What is needed ▸ Print the listing exactly as it stands, and skip any pictures in it.

Dataset content ▸
^^^^^^^^^^^^^^^^

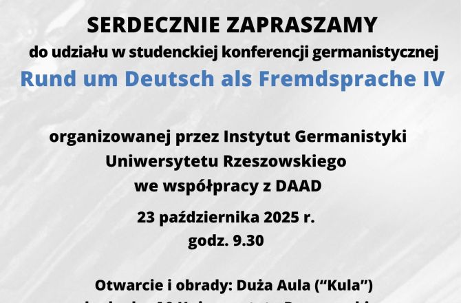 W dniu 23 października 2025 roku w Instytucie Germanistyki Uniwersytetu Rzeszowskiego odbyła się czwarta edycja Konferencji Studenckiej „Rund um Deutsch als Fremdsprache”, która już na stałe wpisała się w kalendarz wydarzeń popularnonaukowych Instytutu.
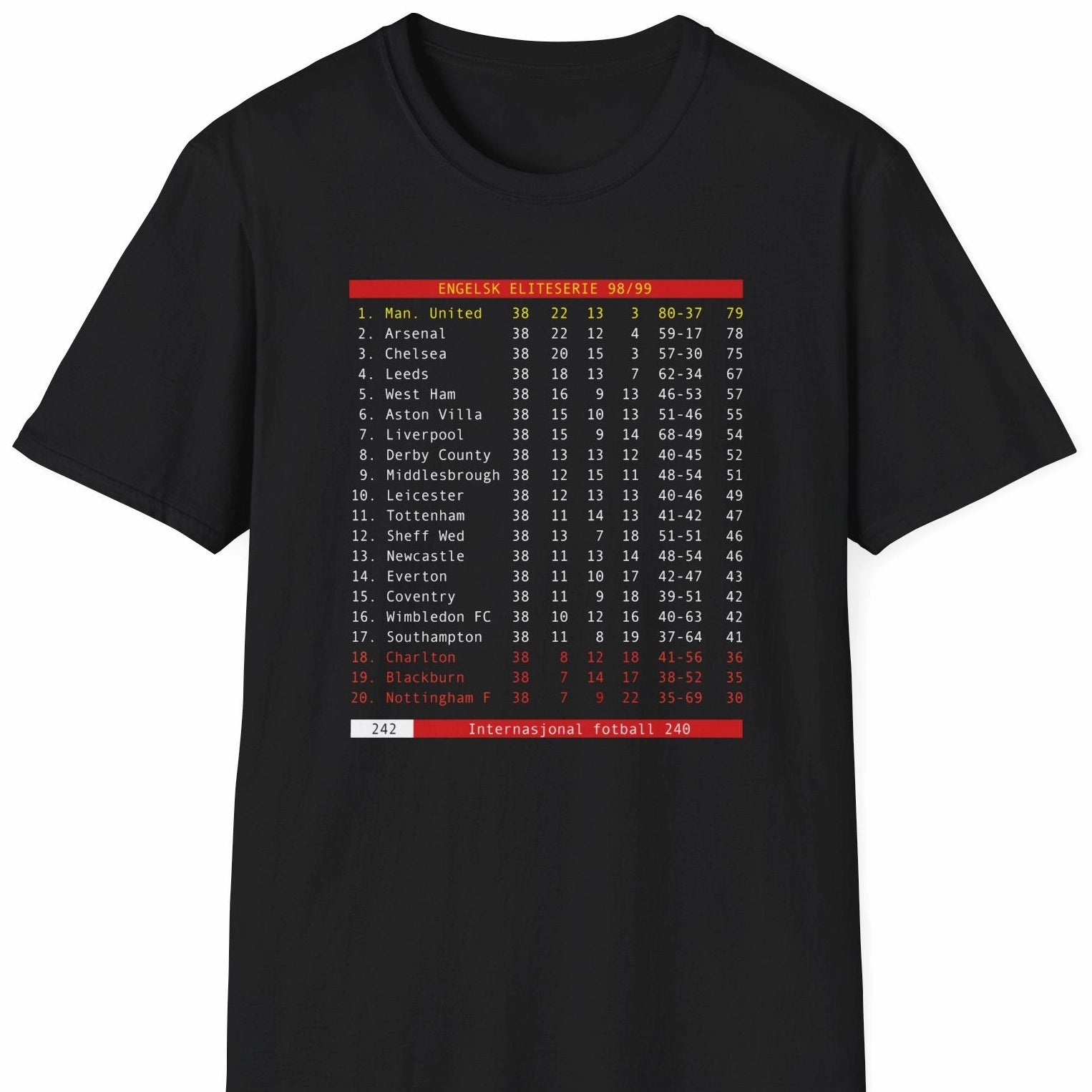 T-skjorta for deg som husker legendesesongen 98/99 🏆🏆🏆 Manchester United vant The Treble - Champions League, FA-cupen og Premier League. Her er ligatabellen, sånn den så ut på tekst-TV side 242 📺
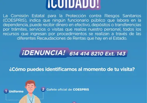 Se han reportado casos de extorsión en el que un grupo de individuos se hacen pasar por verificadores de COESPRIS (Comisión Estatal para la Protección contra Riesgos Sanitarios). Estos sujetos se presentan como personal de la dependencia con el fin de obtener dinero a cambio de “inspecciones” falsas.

^^^^^^^^^^^^^^^^

Exercise answer ▸
 W dniu 23 października 2025 roku w Instytucie Germanistyki Uniwersytetu Rzeszowskiego odbyła się czwarta edycja Konferencji Studenckiej „Rund um Deutsch als Fremdsprache”, która już na stałe wpisała się w kalendarz wydarzeń popularnonaukowych Instytutu.
 T-skjorta for deg som husker legendesesongen 98/99 🏆🏆🏆 Manchester United vant The Treble - Champions League, FA-cupen og Premier League. Her er ligatabellen, sånn den så ut på tekst-TV side 242 📺
 Se han reportado casos de extorsión en el que un grupo de individuos se hacen pasar por verificadores de COESPRIS (Comisión Estatal para la Protección contra Riesgos Sanitarios). Estos sujetos se presentan como personal de la dependencia con el fin de obtener dinero a cambio de “inspecciones” falsas.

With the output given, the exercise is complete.